● **ABOUT THIS TASK**: Using the listing below, output only the lines from the one that contains "All of our puppies" through the one that contains "Dress Style: Ankle", inclusive, exactly as given and without images.

● **EXERCISE MATERIALS**:
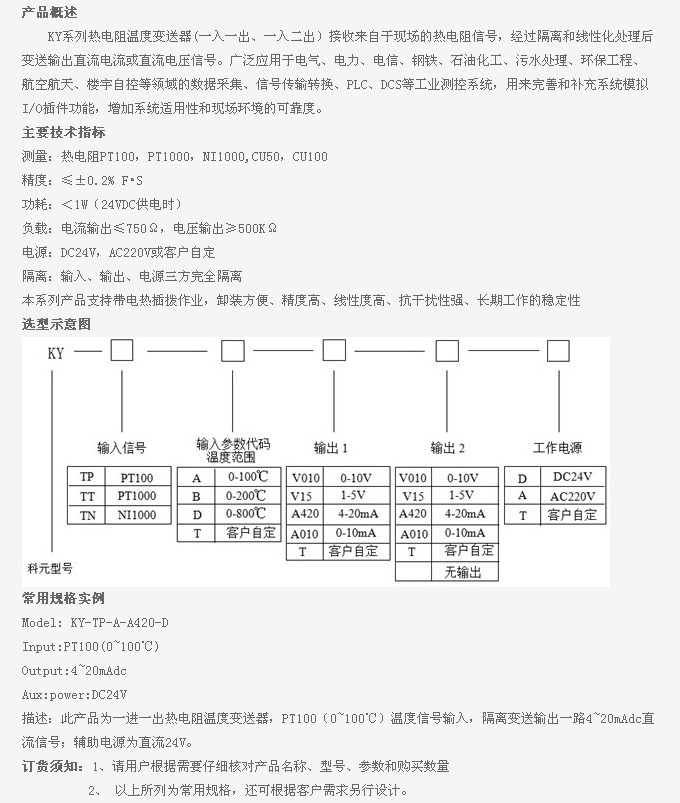 KY-TP-A,KY-TP-B,KY-TP-D,KY-TP-T,KY-TT-A,KY-TT-B,KY-TP-A-A420-D,KY,熱電阻溫度變送器
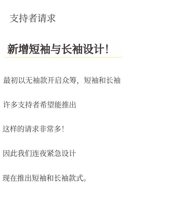 因支持者自身原因导致回报部分或全部丢失/损坏/故障/污染/毁损的情况,由于显示器分辨率差异导致的色差,支持者对产品了解不充分而引发的问题,服装尺寸误差在2cm以内,因产品包装导致的褶皱及线头
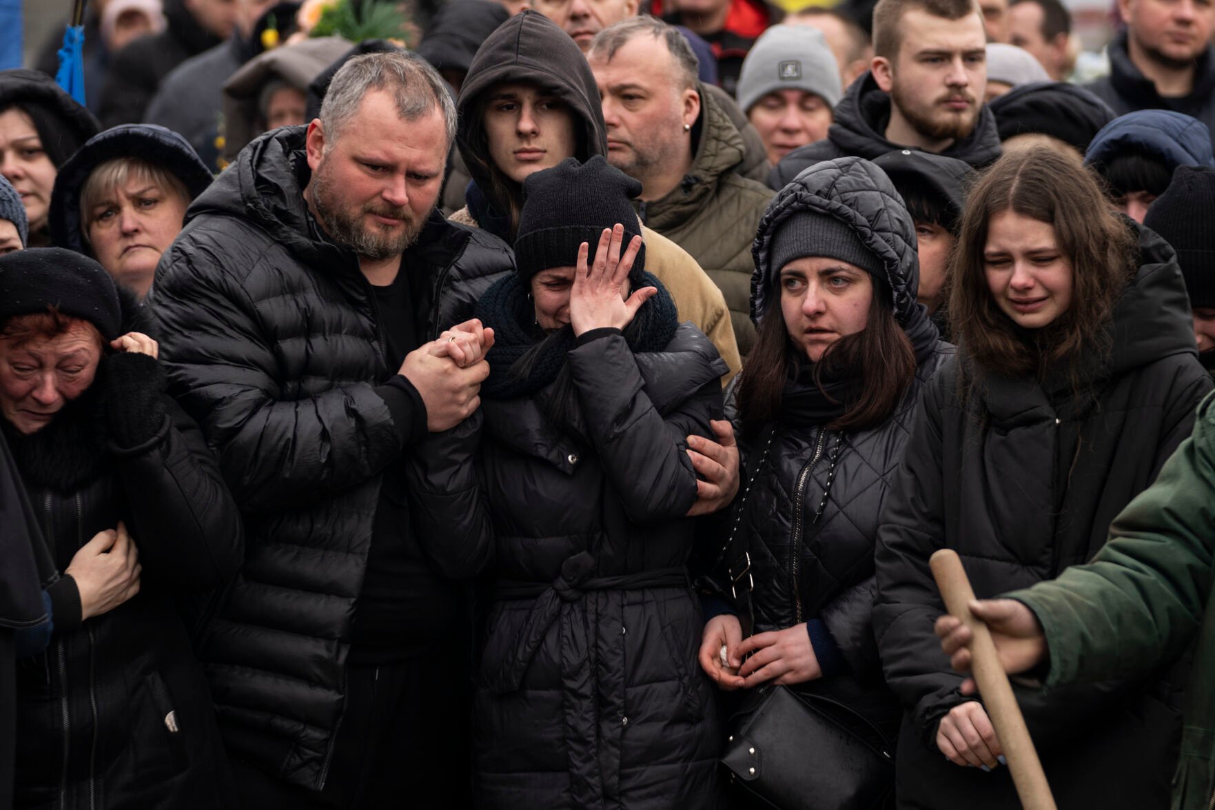 Iryna Tsyhanska, center, is hugged by her brother-in-law Oleg Tsyhanskyi, as her daughter Anna, right, and other family members mourn Friday during a funeral of her husband, soldier Roman Tsyhanskyi, at Lviv cemetery in western Ukraine. Tsyhanskyi died near Bakhmut a week ago.
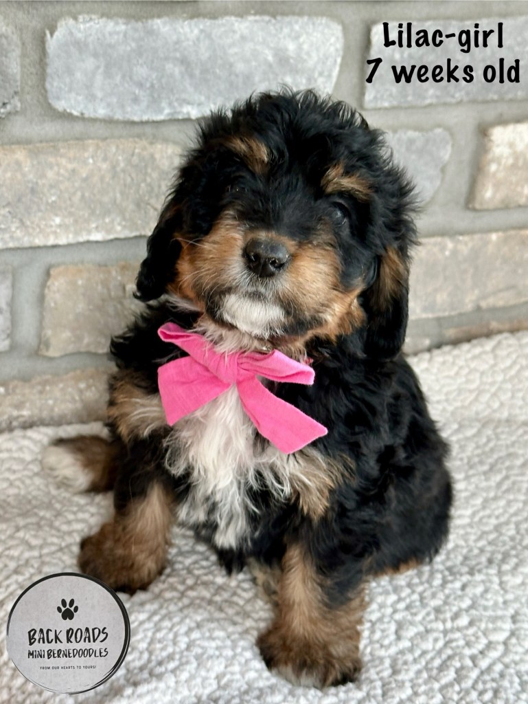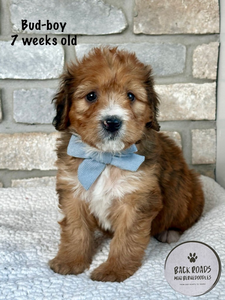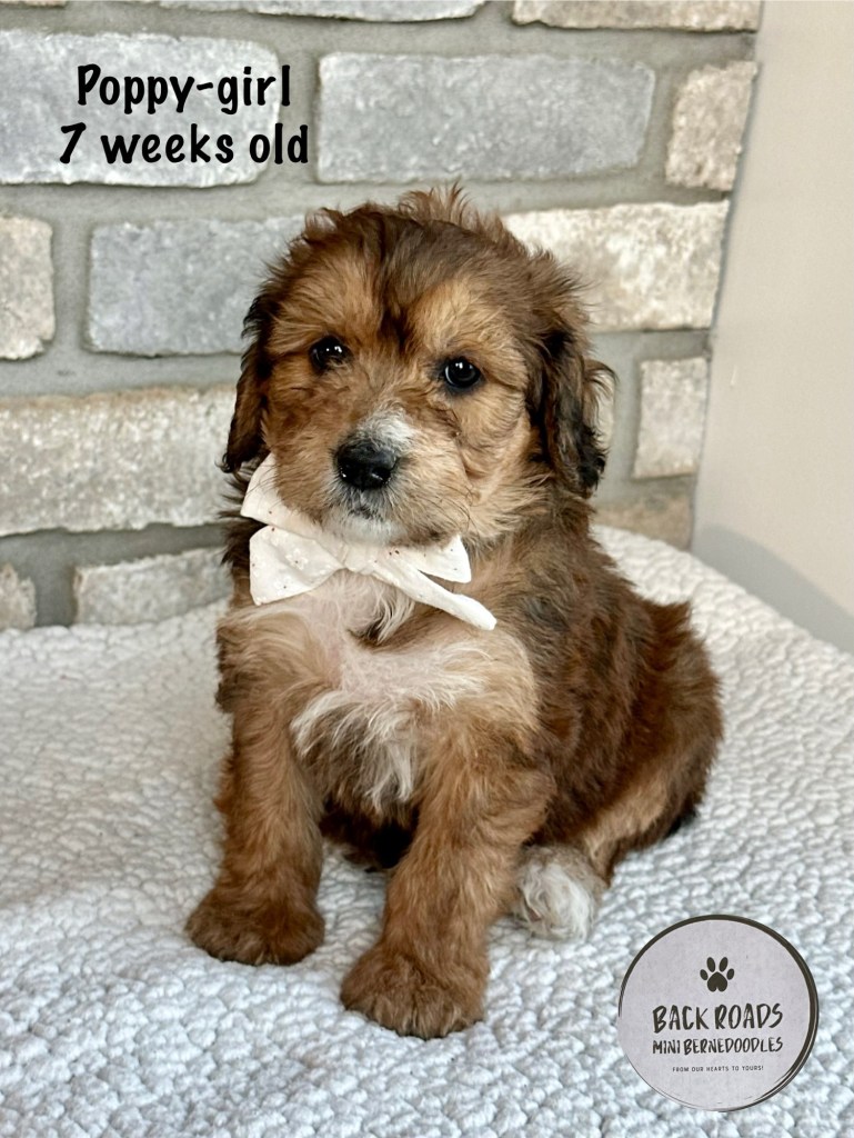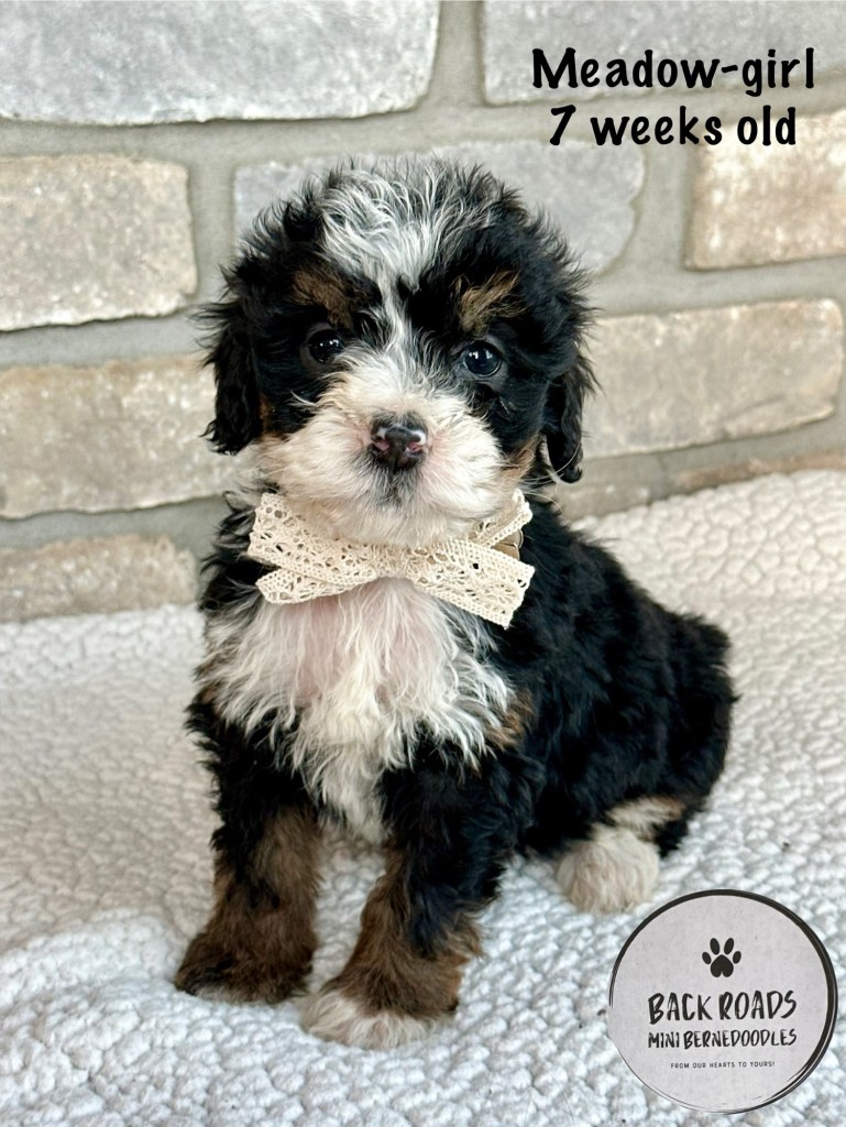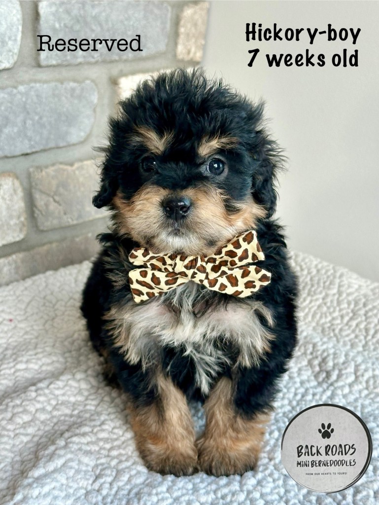 All of our puppies are F1 Miniature Bernedoodles, meaning they are first generation. The Dam is a Bernese Mountain Dog and the Sire is a Miniature Poodle. Expected adult weight is between 32-50lbs. They are considered to be hypoallergenic. Life expectancy is 15-17 years.
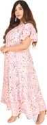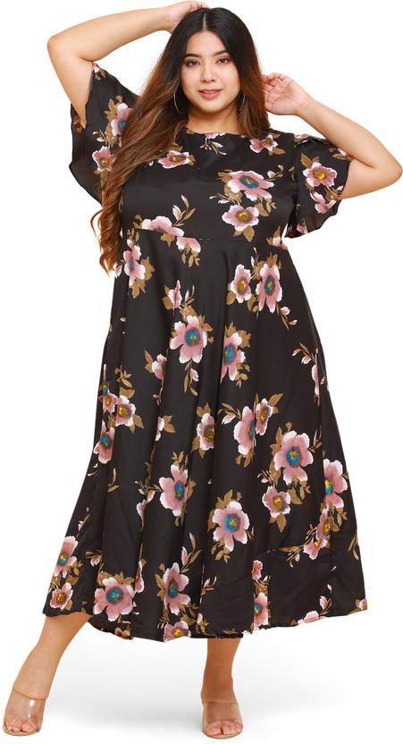 Dress Style: Ankle length A-line dress with butterfly sleeves and boat neck. Fabric Style: Floral Printed Fabric. Styling Tip: Can be be styled both as a breezy casual outfit and a playful party outfit.. Garment Fit: Garment is made with relaxed fit. Model Model is height 5'9" with bust 34 and is wearing size S.. Fabric Type: Garment is made of crepe, which drapes well on all body types. Wash Care: First Wash Dry Clean, thereafter Hand wash
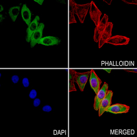 Immunofluorescent analysis of Cytochrome P450 8B1 staining in MCF7 cells. Formalin-fixed cells were permeabilized with 0.1% Triton X-100 in TBS for 5-10 minutes and blocked with 3% BSA-PBS for 30 minutes at room temperature. Cells were probed with the primary antibody in 3% BSA-PBS and incubated overnight at 4 °C in a hidified chamber. Cells were washed with PBST and incubated with a AF488-conjugated secondary antibody (green) in PBS at room temperature in the dark. Phalloidin - AF594 was used to stain Actin filaments (red). DAPI was used to stain the cell nuclei (blue).
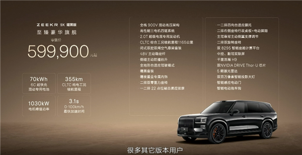 并且,极氪9X全系都是大电池,搭载了全球混动领域容量最高的70度大电池,是全球纯电续航最高的插混产品。
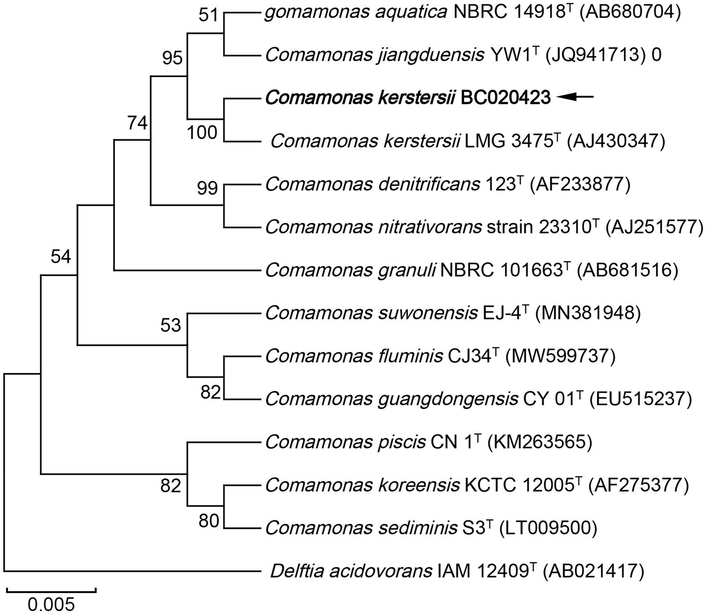 Phylogenetic tree based on the 16S rRNA gene sequences showing the relationship of isolated strain BC020423 (black arrow) and members within genus Comamonas. The tree was reconstructed by the neighbor-joining method, and Delftia acidovorans IAM 12409T (AB021417) was used as an outgroup. Bootstrap values (>50%) based on 1,000 replicates are shown at branch nodes. T, type strain.

● **ANSWER BOX**:
 All of our puppies are F1 Miniature Bernedoodles, meaning they are first generation. The Dam is a Bernese Mountain Dog and the Sire is a Miniature Poodle. Expected adult weight is between 32-50lbs. They are considered to be hypoallergenic. Life expectancy is 15-17 years.
 Dress Style: Ankle length A-line dress with butterfly sleeves and boat neck. Fabric Style: Floral Printed Fabric. Styling Tip: Can be be styled both as a breezy casual outfit and a playful party outfit.. Garment Fit: Garment is made with relaxed fit. Model Model is height 5'9" with bust 34 and is wearing size S.. Fabric Type: Garment is made of crepe, which drapes well on all body types. Wash Care: First Wash Dry Clean, thereafter Hand wash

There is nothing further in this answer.